Home > Romance > The Kiss Thief > Page 22
The Kiss Thief Page 22

by LJ Shen


  Angelo always won.

  “I’m coming for you. Take the Lawrence Avenue exit.” I heard Wolfe picking up his keys. I didn’t remember ever seeing him drive. Ever. Either he was driven, or he sat next to me as I drove around the neighborhood.

  “I’m not a good driver.” I tried to keep my emotions under control, reminding him that he shouldn’t be as sure as he was of my abilities to get us out of this in one piece. My eyes looked for the exit he was talking about, my eyeballs running maniacally in their sockets.

  “You’re an excellent fucking driver,” Wolfe said, and I heard him zipping through traffic, breaking approximately two thousand laws based on the honking and yelling in the background. “Besides, if something happens to you, I will blow up the entire Outfit and put every Made Men in Chicago behind bars the rest of their lives, and they know it.”

  “I think it’s because I married you,” I muttered, blinking away the tears so I could spot Lawrence Avenue better. Smithy shook his head in my periphery. It wasn’t the time or the place to discuss this.

  “It’s not your fault,” Wolfe said. “I threw his son in jail for the night, and his firm is under IRS investigation. He wants to get back at me through you.”

  “Is it working?” My voice shook. I heard the engine of Wolfe’s Jaguar straining against the speed. He didn’t answer me. Another bump to our car. I held back a sob.

  “They’re running us off the road,” Smithy yelled, slapping the dashboard. “Can I draw a weapon?”

  “Don’t you dare,” Wolfe barked. “If a hair on Francesca’s head accidentally moves…”

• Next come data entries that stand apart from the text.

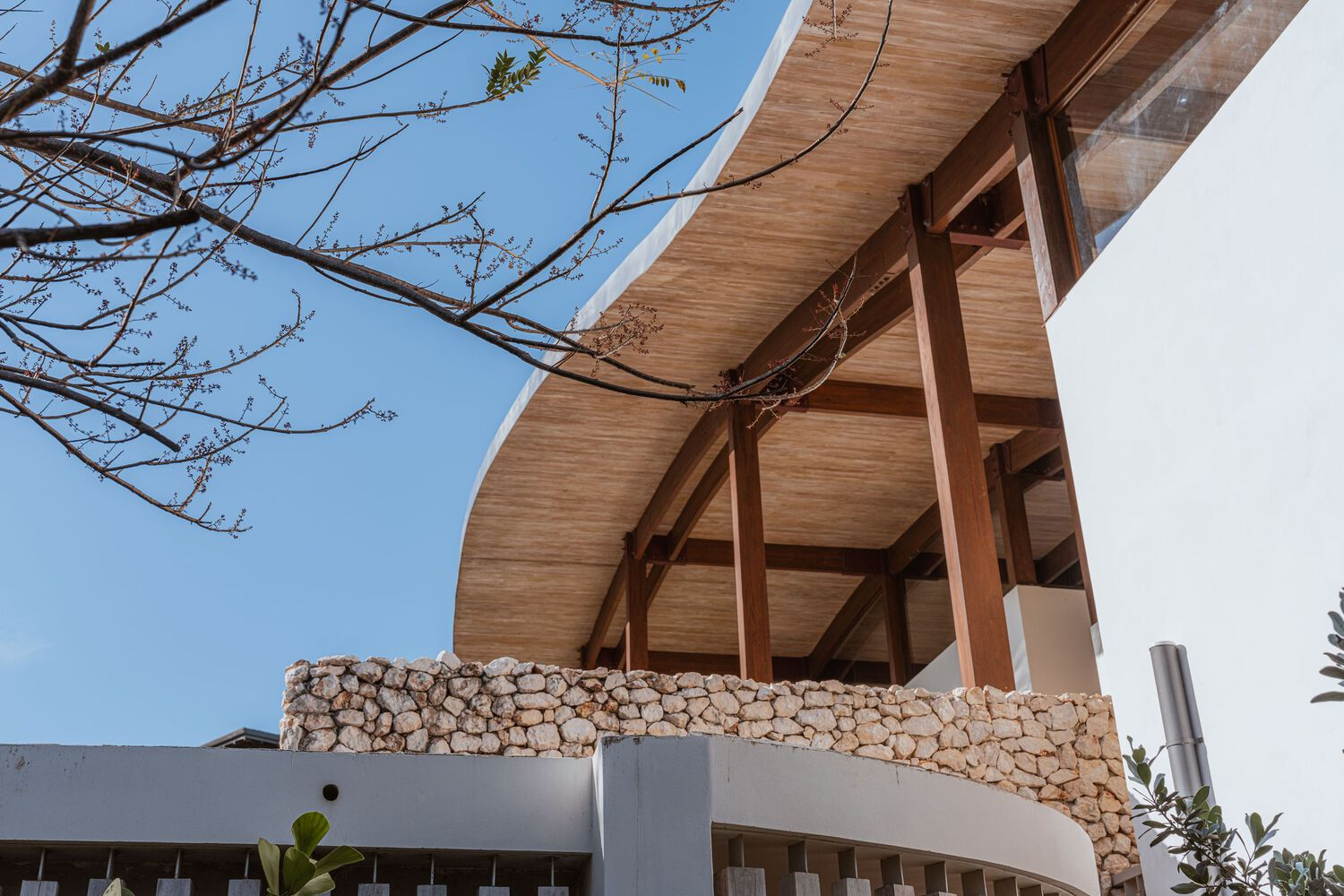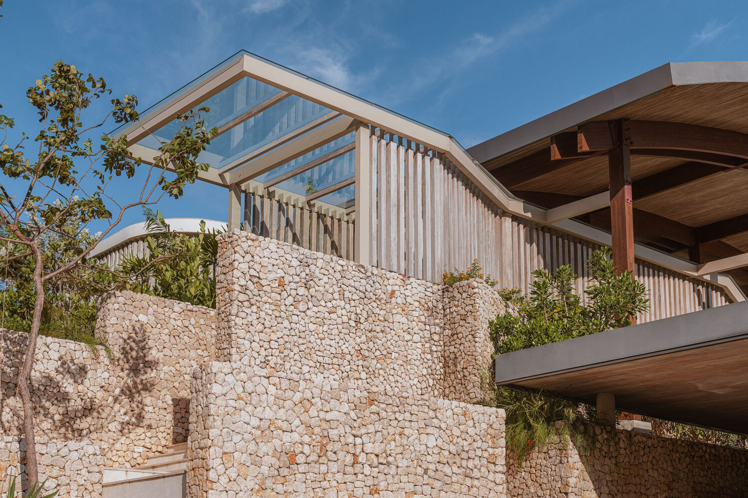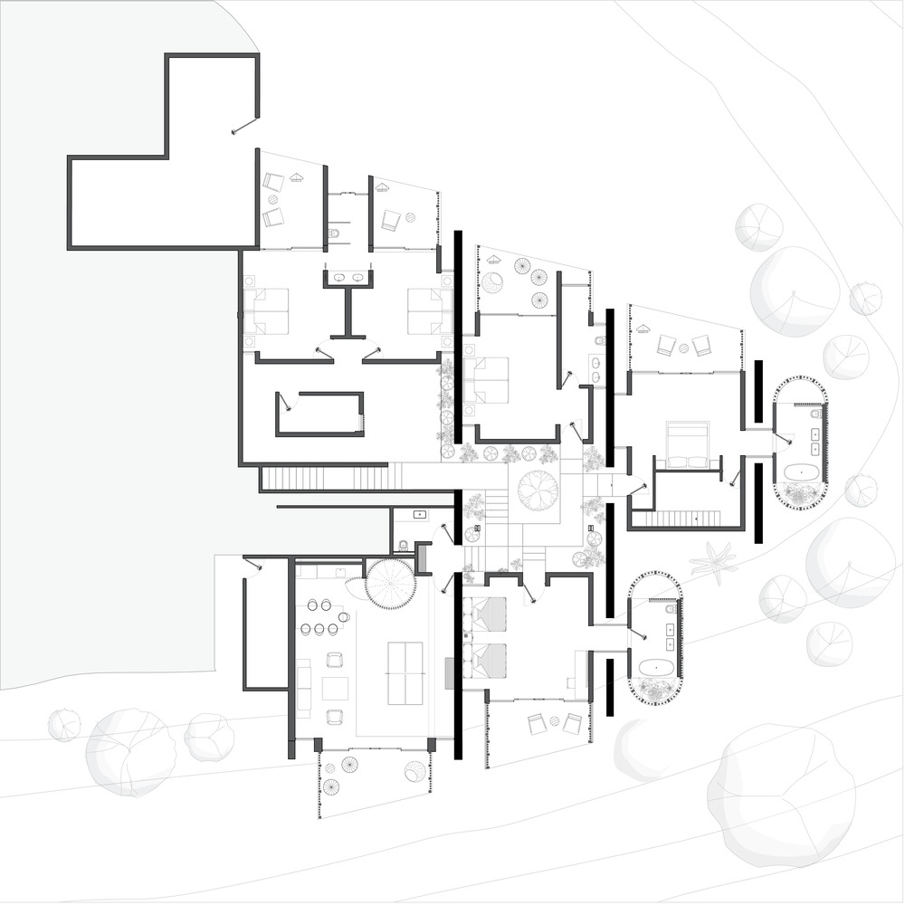 Villa Áurea’s construction methodology embraces the site’s natural characteristics, utilizing the solid rock foundation as a structural advantage. Instead of extensive excavation, Studio Saxe implemented a system of pre-stressed wooden pillars and beams that require minimal intervention in the landscape. These structural components support the organic roof, allowing for a harmonious balance between stability and aesthetic fluidity.
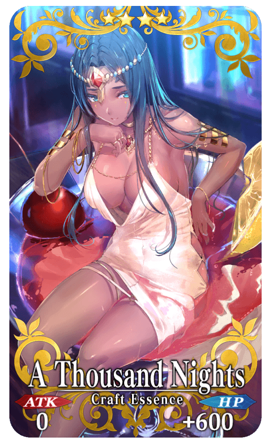 ★★★★SR A Thousand Nights ATK 0 HP 600 (MAX: 2250) Skill Increase NP Gauge by 3% each turn & Arts Card effectiveness by 3% & NP Strength by 10% for yourself + Increase Sweet Egg amount per drop by 1 [Event Only]
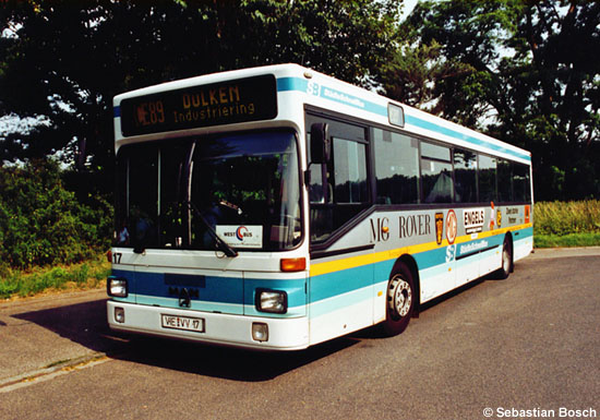 Der zweite der beiden 1992 von der VVG beschafften MAN SL 202 wurde in Überlandausführung und entsprechender Lackierung für den Schnellbusdienst beschafft. Wenige Monate vor der Ausmusterung konnte der Wagen 17 am 28.06.2006 bei einem der zuletzt seltenen Linieneinsätze an der Haltestelle Helenabrunn Wegweiser abgelichtet werden.
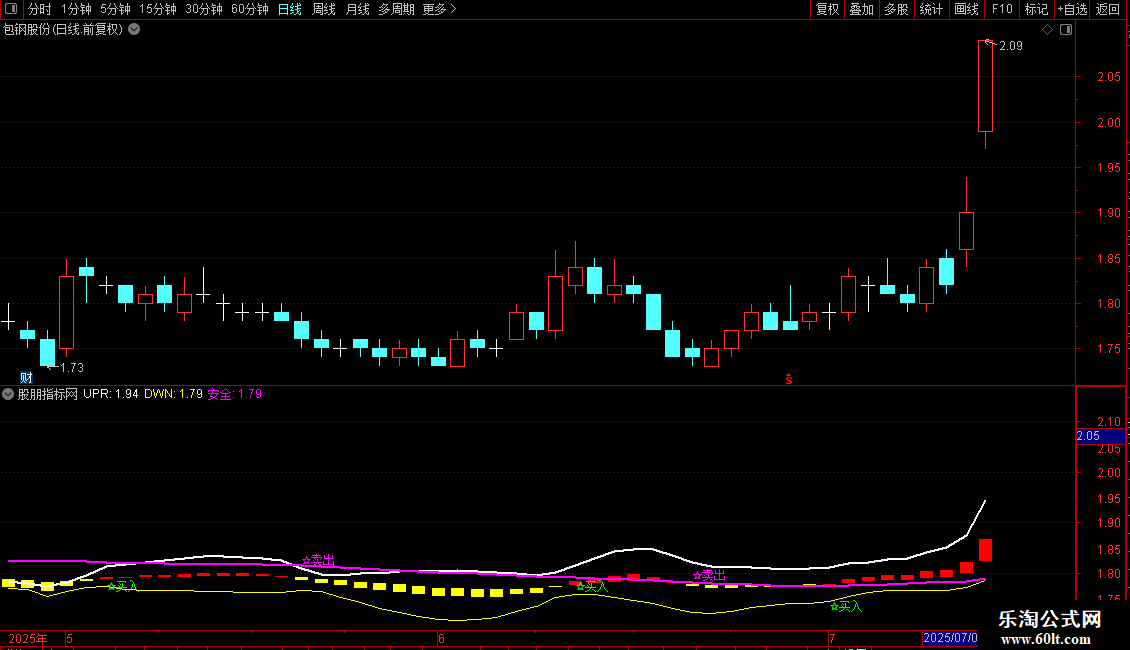 OPEN>REF(CLOSE,1),1,0),LOW*0.98,'买进') ,COLORYELLOW;
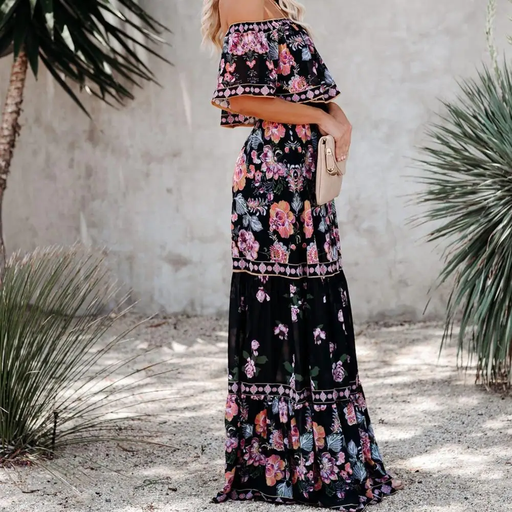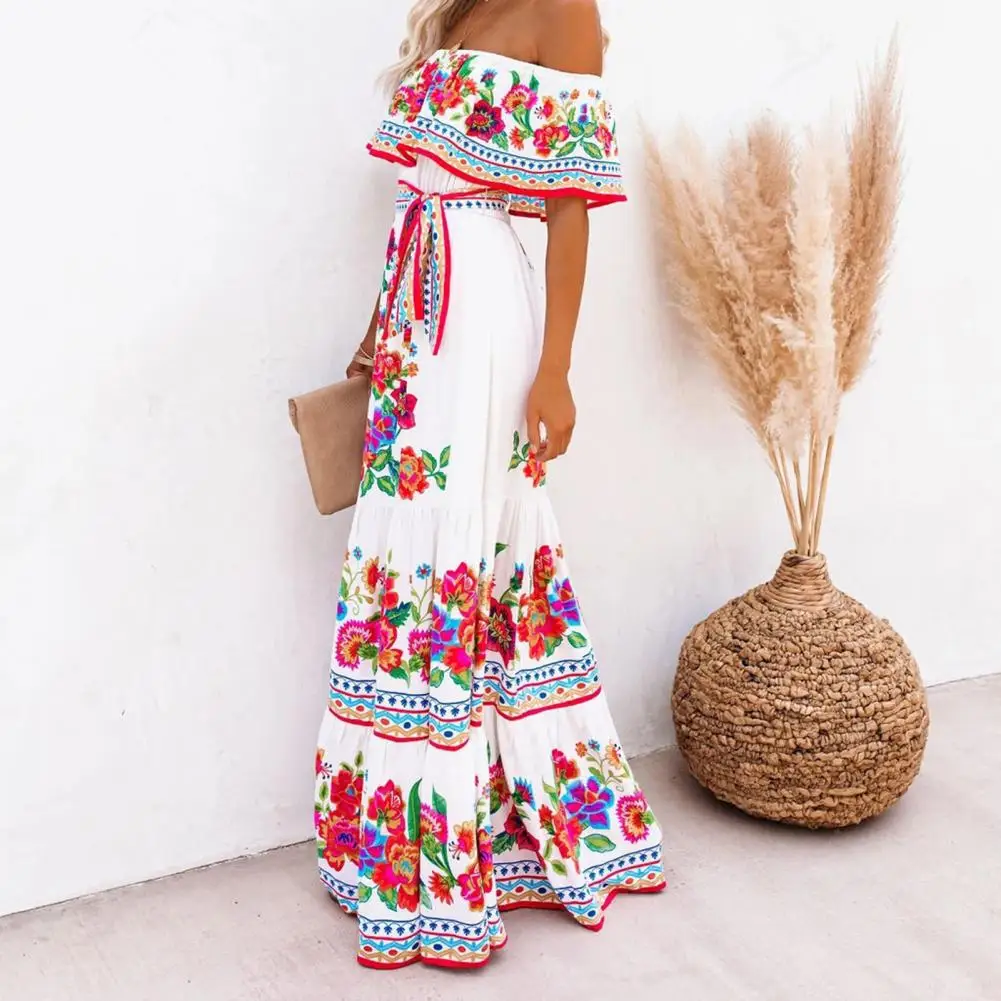 Лидер продаж 70%, летнее платье с цветочным принтом, женское Горизонтальное платье с высокой талией и плечами для вечерние
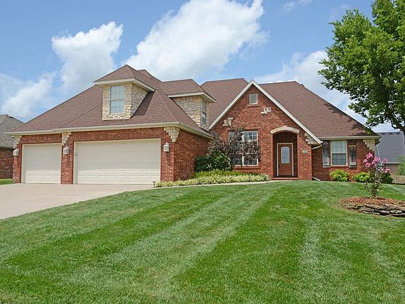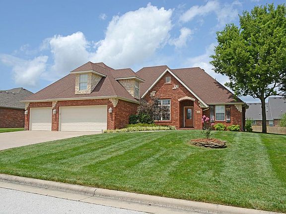 2717 W. Trevor Trl. Ozark MO 65721Well-manicured all-brick home on a large lot in Ozark schools. With four spacious bedrooms, a large dining area, and an oversized three car garage, you'll have plenty of space to call home. Features include inground sprinklers, security system, vaulted ceilings, and custom blinds throughout.
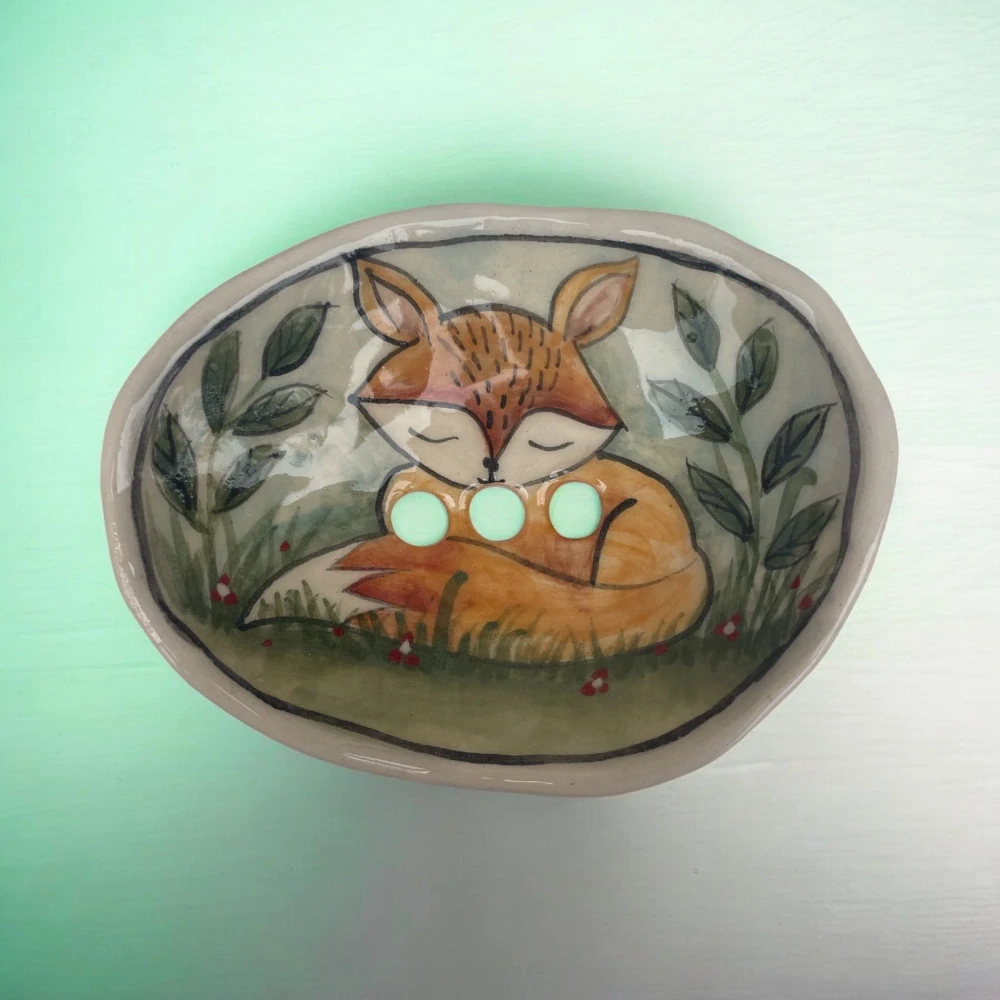 Keramická hand made mydelnička plná radosti - Spiaca líška 🦊:

  Just as he said that, the loudest crash of all rang in my ears at the same time that the air bag shot out, knocking our heads backward against the headrest. White powder floated in the air like confetti. The Cadillac screeched and rolled to the side of the road, and I felt something hissing underneath us. I couldn’t move. I couldn’t open my mouth. I couldn’t even groan. My nose felt like it’d been pushed to the back of my head. I wondered if I broke it. I pondered if now, that my face was all jacked, my husband would finally lose interest in me.

  That was the last thought I had before I passed out.

  “Francesca? Nem? Talk to me,” Wolfe demanded in the background. A dark screen spilled over my eyes as my eyelids gave in. I wanted to answer him but couldn’t. I heard him slap his wheel. “Damn it all to fucking hell. I’m on my way.”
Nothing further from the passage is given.